Eager vs. Lazy Architectures

Choice: Eager or Lazy (a.k.a. Push vs. Pull)

Every data-driven software architecture must make a fundamental choice: Be Eager Or be Lazy

Streaming data is a movement to build less lazy data-driven applications. This debate is sometimes called push vs. pull.

Not a black and white decision (how eager or lazy)

Possible to be eager about some things, and lazy about others.

How eager is the state of the art?

The status quo is very lazy. Most applications do nothing until asked (queried)

Streaming data mostly used to eagerly truck data between lazy warehouses.

Stream processors will eagerly transform and count data as it’s moved.

What you get are data pipelines

Recreating the monoliths the industry spent the last two decades dismantling.

The oil and gas industry is not a good reference architecture for streaming data

Data may be the new oil economically.

But data is not oil.

The value of OIL is that it’s made up of CARBON atoms. The value of DATA is NOT that it’s made up of BITS

How do you control what you receive? (pub-sub)

Streaming data is about reducing latency

Use Case: Observability

Situational awareness Monitoring & alerting Experience scoring Early fault warning

Use Case: Automation

Root cause analysis Logistics routing Self-healing systems Performance optimization Cost optimization

Message brokers vs. distributed transaction logs

Stream processors are good at counting and conversions

None of the above use cases are counting or conversion problems.

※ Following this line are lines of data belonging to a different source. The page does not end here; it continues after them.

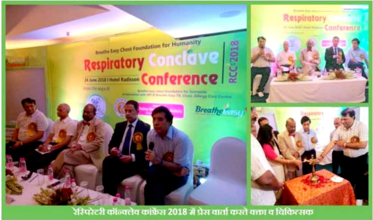
रेस्पिरेटरी कॉन्क्लेव कॉन्फेंस 2018 में प्रेस वार्ता करते वक्ता व विफिटसक
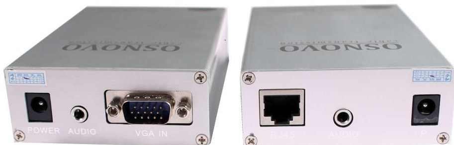
Рис.1 Внешний вид TA-U1+RA-U1
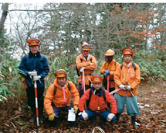
収穫調査へ向かう上矢作班の皆さん

今後もこれらのことを継続し、より一層活気溢れる職場づくりを職員一丸と成って目指し、無災害を続けていく決意です。
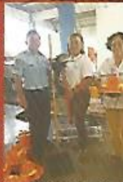
Donación de kit de herramientas para la Unidad de Gestión y Riesgo.

Esta comisión ha establecido un enlace con el MINED y se está próximo a iniciar un plan de prevención con centros escolares del municipio a raíz de la constante sismicidad del territorio Salvadoreño sin olvidar que el volcán de San Salvador recién cumplió 100 años de su última erupción y habría que estar preparado ante cualquier eventualidad.
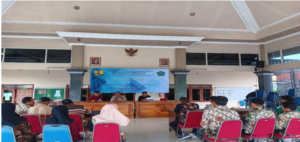
Gambar 2 Kantor Desa Kajeksan

Berdasarkan pada tabel 3 menjelaskan mengenai sarana dan prasarana yang ada di Pemerintah Desa Kajeksan Kecamatan Tulangan Kabupaten Sidoarjo. Perangkat yang digunakan oleh operator plavon yaitu laptop sehingga masyarakat yang kesulitan mengakses plavon dapat meminta bantuan pada operator plavon untuk mengurus keperluan adminduk. Printer digunakan untuk masyarakat sehingga masyarakat tidak perlu bingung ketika cetak mandiri karena sudah disediakan oleh Pemerintah Desa Kajeksan.
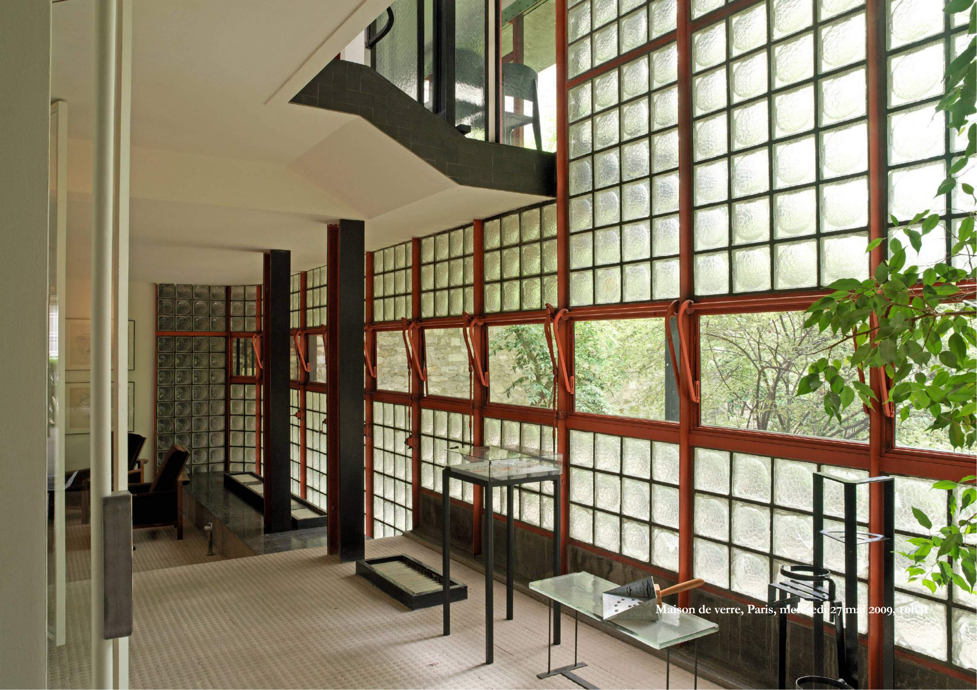
Maison de verre, Paris, mercredi 27 mai 2009, 10h21
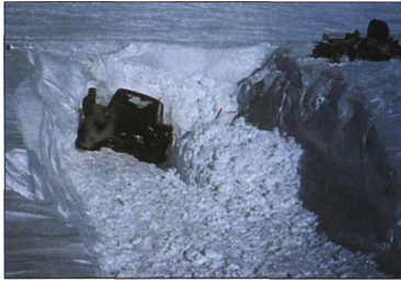
Ровняли путь (25 м), чтобы выехать из рва.

При ударе двигатель подался вперед, что и спровоцировало эту поломку. К счастью, у нас была в запасе эта деталь. Снова — лязгание ключей, обжигающий холодный металл. Сделали. Машина завелась и медленно поползла вверх. На третьи сутки в шесть часов утра по якутскому времени машина выбралась на поверхность. Забрались в работающую машину, чтобы согреться, помолились и сразу уснули. Проснулись от холода. Ветер усилился настолько, что на него можно было ложиться. Через щели он выдувал из салона все тепло и не позволял двигателю нагреться. Топливо и продукты были на исходе, но затяжная пурга не утихала. Что делать? Ожидать в машине — значит сжечь последний бензин. Тронуться в путь — при такой погоде не проедем и километра. Как быть? Мы приняли решение вновь спуститься в ров. Выкопали в снегу большую нишу, чтобы укрыться от пурги и поесть. Спустились в нее и стали ожидать Божьего определения наших судеб. Пошли четвертые сутки нашего пребывания во рву. Ели один раз в сутки, экономя продукты. Для питья растапливали снег и теряли силы от этой безсолевой воды.
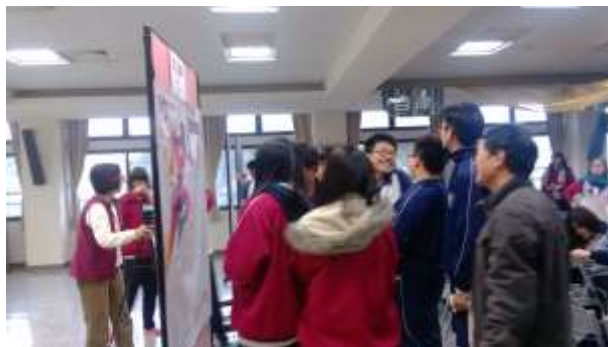
祝福禮之同學留言時間(上)

kSQL can transform streams and enrich with static context

kSQL struggles to join multiple streams together. Most use cases involve more than one stream.

Global state doesn’t scale. Flink stateful functions are just a facade of statefulness. Not optimized for locality, just a hidden query.

Challenge: Real-Time Enrichment

Can’t get rich without context. Stream processors not built for context.

Challenge: Streaming Aggregation

Need to up-level streaming data without adding latency. Stream processors not built for this either.

Challenge: Real-time business logic

Business logic drives enterprise software. Business logic takes action, has side effects.

Business logic needs lots of context as input. Stream processors not designed to run business logic.

Challenge: Streaming APIs

Need to disseminate granular, derivative data without breaking the stream.

Without streaming APIs, you can’t built low latency service-oriented architectures.

Challenge: Real-Time UIs

Need to keep humans in the loop. Humans need to validate and oversee automation.